Sync policy: Automatic or manual synchronization of resources. Prune resources will delete resources that are no longer in the Git repo and Self heal will reconcile when changes are made in the cluster and deviates from the Git repo.

create argocd app

Source: The Git repository we configured earlier.
Revision: You can change the default refence to watch and you can watch a specific.
branch as well.
Path: Folder in which our manifests are stored in the repo.

create argocd app

Cluster URL: URL of the kubernetes cluster to watch.

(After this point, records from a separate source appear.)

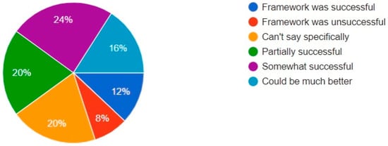 Moreover, Figure 2 shows the success rate of the ESG framework being used in the respective organizations. Regarding the question on standards connected to sustainability, all 25 respondents provided a positive response. Six managers responded to the framework being ‘somewhat successful’, whereas five respondents reported that it was ‘partially successful’. Combined, they comprise about 40% of the survey sample. Another five respondents reported that they ‘cannot say specifically’, showing that they were doubtful of the success of the sustainability framework. This response was seconded by four others, who responded that it ‘could be much better’, and another two from ‘IT-enabled-services firms’, who declared the framework adopted in their organization to be unsuccessful.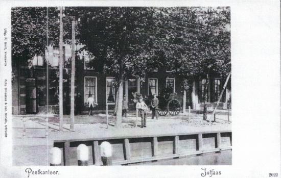 gezicht op de voorgevels van hetpostkantoor en enkele andere panden aan de herenstraat te jutphaas.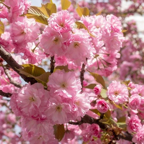 Kwanzan Cherry Trees are lovely specimen trees that put on an incredible early spring show with masses of large, deep pink, double blooms highlighted by the bronze-red new growth. The Kwanzan produces the fullest of pink blooms compared to its Cherry Tree cultivar, and is one of the easiest flowering trees to grow.
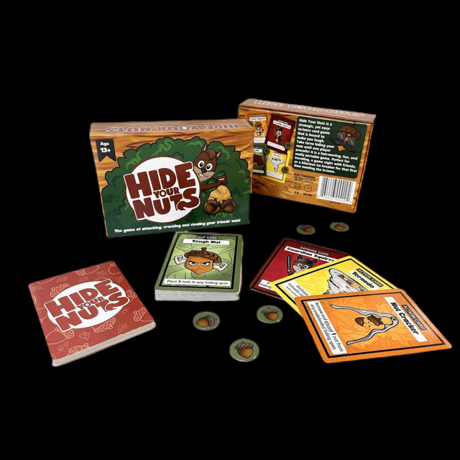 Hide Your Nuts is a game meant for older children and adults, with plenty of adult humor and puns. Players portray squirrels and play cards each turn that will hide their nuts, protect their nuts in play, or act against other players. The first player to hide all their nuts wins the game.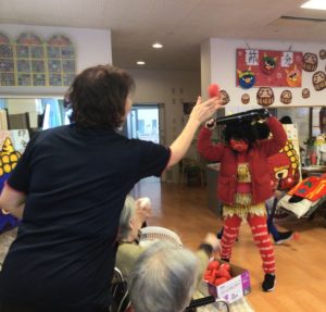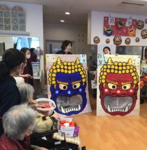 今月の護療舎デイサービスでは、季節の行事として節分のレクリエーションを実施しました。職員が鬼に扮して登場すると、利用者様からは驚きと歓声があがり、会場は一気ににぎやかな雰囲気に。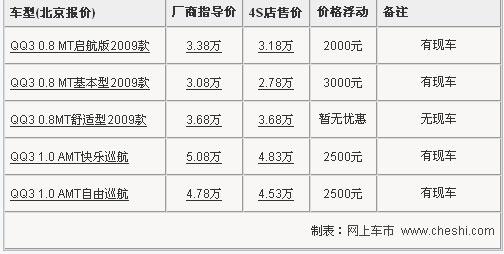 据奇瑞汽车4S店销售人员介绍,目前奇瑞QQ30.8排量的三款车型只有舒适版车型无现车,基本型和启航版车型分别有3000元和2000元的价格优惠,1.0自动档车型也有2500元的现金优惠。虽然降价幅度没有前一阵子大,但还有额外的惊喜,到店购车在原有现金优惠的基础上还可以赠送价值1000元的装饰。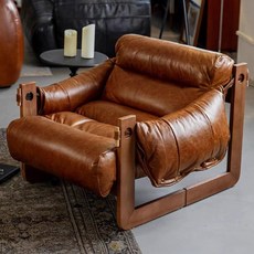 킹던 빈티지 푹신한 안락의자 거실 1인용소파 수유 가죽 릴렉스체어 라운지, 1개, 빈티지브라우니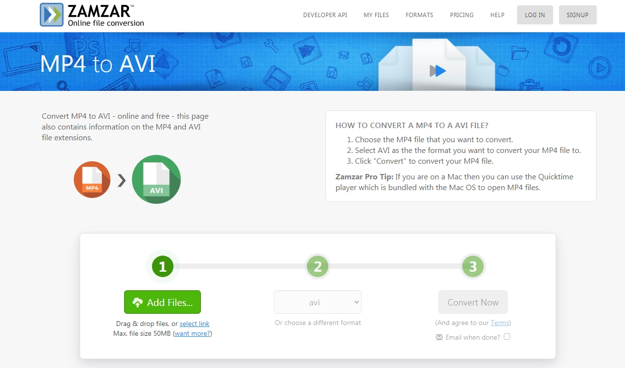 Zamzar converted more than 510 million files since 2006 and hence is the No.1 online tool preferred by many. Zamzar is a 100% free and safe web-based video converter MP4 that requires no registration. The task is so simple where all you have to do is, enter the URL, https://www.zamzar.com/convert/mp4-to-avi/ in the browser, add the MP4 files by clicking on the “Add Files” option, and once loaded, hit the “Convert Now” option.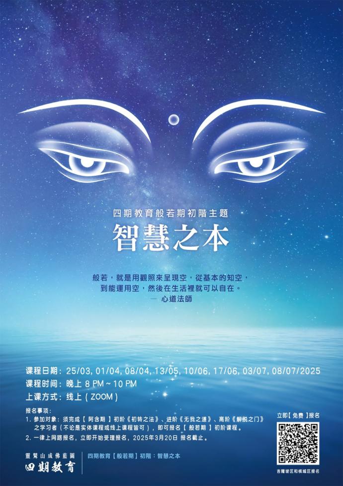 1. 参加对象:须完成【 阿含期 】初阶《初转之法》、进阶《無我之道》、高阶《解脫之門》之学习者(不论是实体课程或线上课程皆可 ) ,即可报名【 般若期 】初阶课程。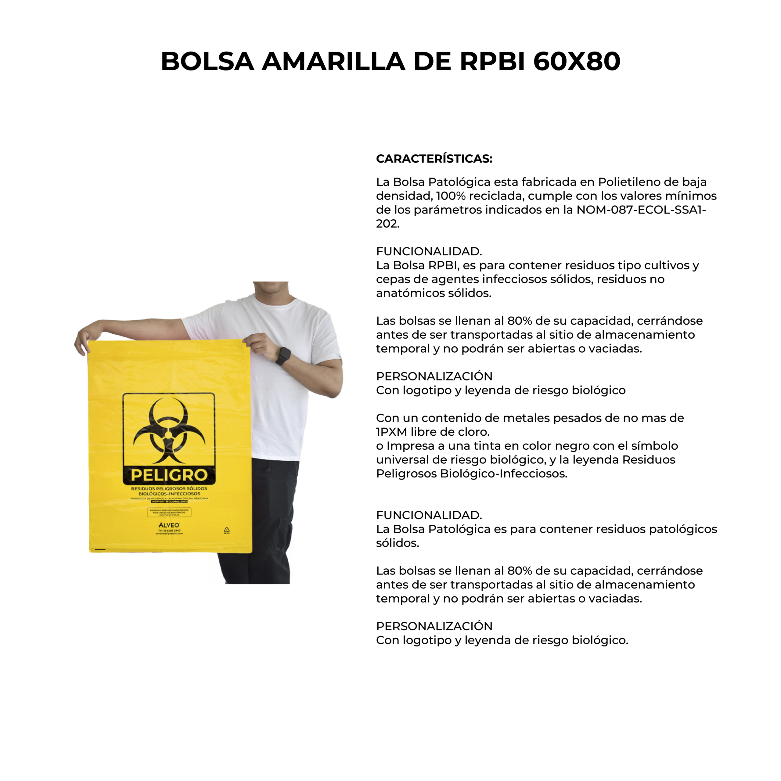 Descripción: Bolsa de polietileno de baja densidad, libre de metales pesados para la recolección de residuos biológico infecciosos. Carga Máxima: 18 kg. Impresa a una tinta con logotipo de biológico infeccioso. Con fuelles. Calibre 300. Medidas: Ancho: 60.0 cm. Alto: 80.0 cm. Color: Amarillo.

By default it is the local cluster where ArgoCD is installed.
Namespace: The namespace where the resources are provisioned.
Directory recurse: Enable so ArgoCD looks for manifests in subfolders.

create argocd app

  • Once you’re happy with your app, click “CREATE” and the app should be created and become “healthy” and “synced” once all the resources are created.

argocd app status

You can also list the apps in command line.

argocd app list

argocd app list

  • You then get some cool view of all the resources in the UI with deployments, replicasets, pods, services…

argocd ui

  • I particularly like the network view with the different streams. As you can see my setup is very simple with one service type LoadBalancer that serves ingresses for each of my apps.

argo network view

  • I will now make a change in the repository. But before that, let’s look at the ArgoCD app’s history. You see the ID of the commit in REVISION.

Argocd app history tv-automation

Argocd app history

  • Next, I will add a basic nginx pod manifest. As you can see, I push the change to my GitHub repo.

add manifest to argocd

  • Because my app is configured for automatic syncing, I don’t need to manually sync it. I only wait for ArgoCD to pick up the commit.

argocd commit history

  • Then look at the resources in the Kubernetes cluster and the new Nginx pod should be running.

add manifest to argocd

You can then delete the manifest from the Git repository and it will be removed at the next synchronization IF you have enabled auto-pruning in the synchronisation.

Wrap up

And there you go, you now have a GitOps managed Kubernetes cluster where you manage resources from your Git repository. As I mentioned earlier, this is a basic setup aimed at understanding and learning about GitOps. In my next articles I want to manage CAPV or Tanzu Community Edition Kubernetes clusters packaged with HELM deployed in a GitOps fashion.